_EXERCISE INSTRUCTIONS_
Nothing should appear in the answer except the lines below from the line containing "This Gond art" through the line containing "AHUA澳華公司專業(yè)", copied exactly, with pictures left out.

_GIVEN INFORMATION_
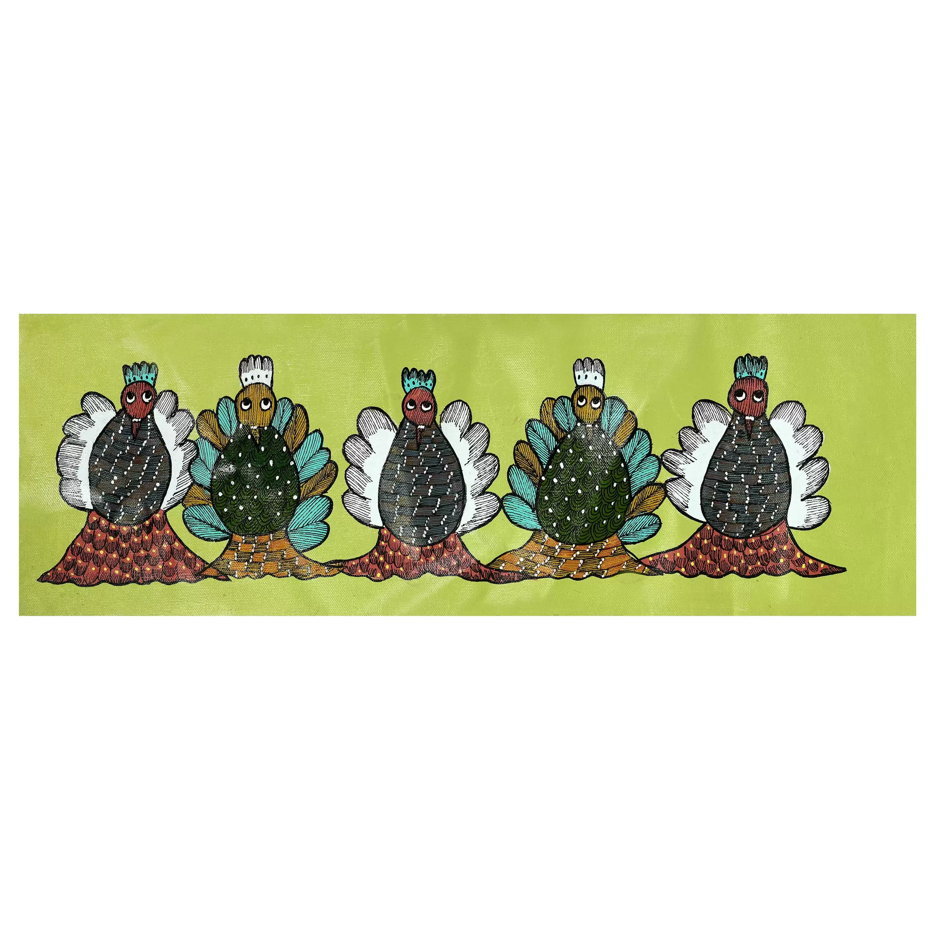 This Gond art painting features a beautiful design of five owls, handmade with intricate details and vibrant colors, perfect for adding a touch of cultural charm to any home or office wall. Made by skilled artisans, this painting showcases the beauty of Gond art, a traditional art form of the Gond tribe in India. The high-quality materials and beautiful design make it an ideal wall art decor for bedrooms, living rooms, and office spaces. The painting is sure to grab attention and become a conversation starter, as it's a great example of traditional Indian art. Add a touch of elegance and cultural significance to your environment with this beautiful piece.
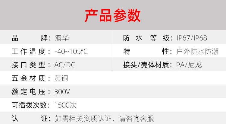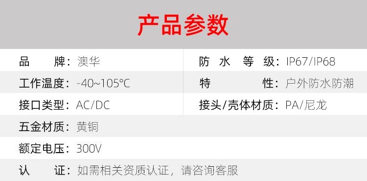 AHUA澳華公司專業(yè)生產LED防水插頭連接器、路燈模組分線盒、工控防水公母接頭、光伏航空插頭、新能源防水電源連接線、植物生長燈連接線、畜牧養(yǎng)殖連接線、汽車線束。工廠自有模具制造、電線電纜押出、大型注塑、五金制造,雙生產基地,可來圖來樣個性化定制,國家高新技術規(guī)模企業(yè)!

---

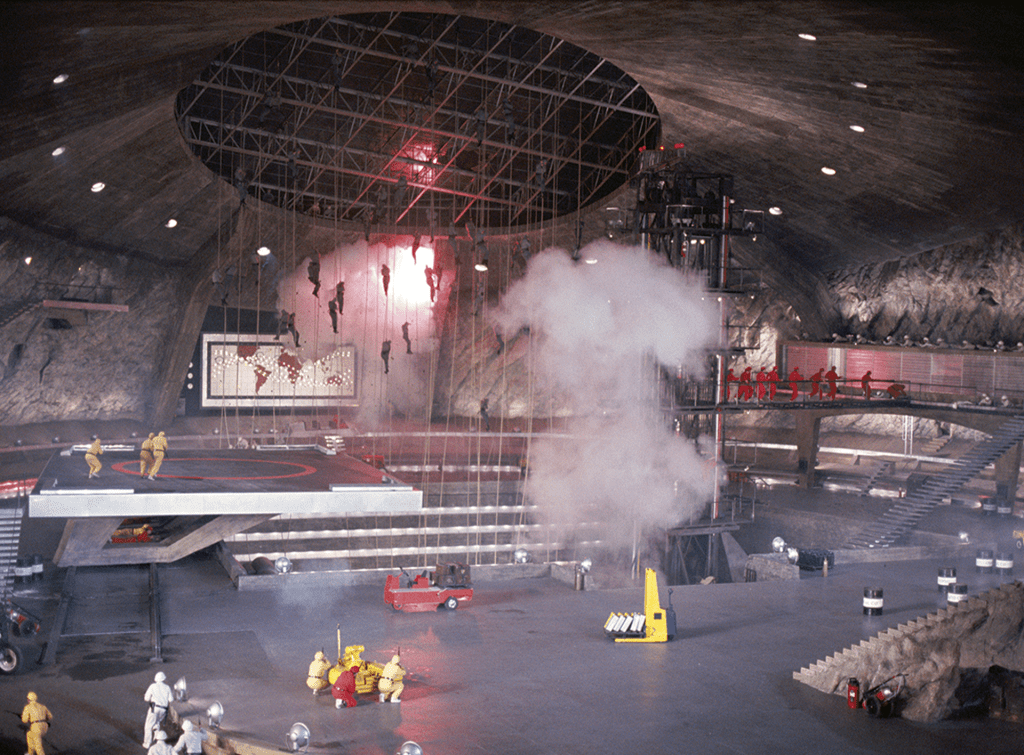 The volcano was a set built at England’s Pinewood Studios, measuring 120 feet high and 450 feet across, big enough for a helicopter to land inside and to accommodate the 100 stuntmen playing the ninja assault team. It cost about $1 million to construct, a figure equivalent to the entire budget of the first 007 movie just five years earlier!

_OUTPUT BELOW_
 This Gond art painting features a beautiful design of five owls, handmade with intricate details and vibrant colors, perfect for adding a touch of cultural charm to any home or office wall. Made by skilled artisans, this painting showcases the beauty of Gond art, a traditional art form of the Gond tribe in India. The high-quality materials and beautiful design make it an ideal wall art decor for bedrooms, living rooms, and office spaces. The painting is sure to grab attention and become a conversation starter, as it's a great example of traditional Indian art. Add a touch of elegance and cultural significance to your environment with this beautiful piece.
 AHUA澳華公司專業(yè)生產LED防水插頭連接器、路燈模組分線盒、工控防水公母接頭、光伏航空插頭、新能源防水電源連接線、植物生長燈連接線、畜牧養(yǎng)殖連接線、汽車線束。工廠自有模具制造、電線電纜押出、大型注塑、五金制造,雙生產基地,可來圖來樣個性化定制,國家高新技術規(guī)模企業(yè)!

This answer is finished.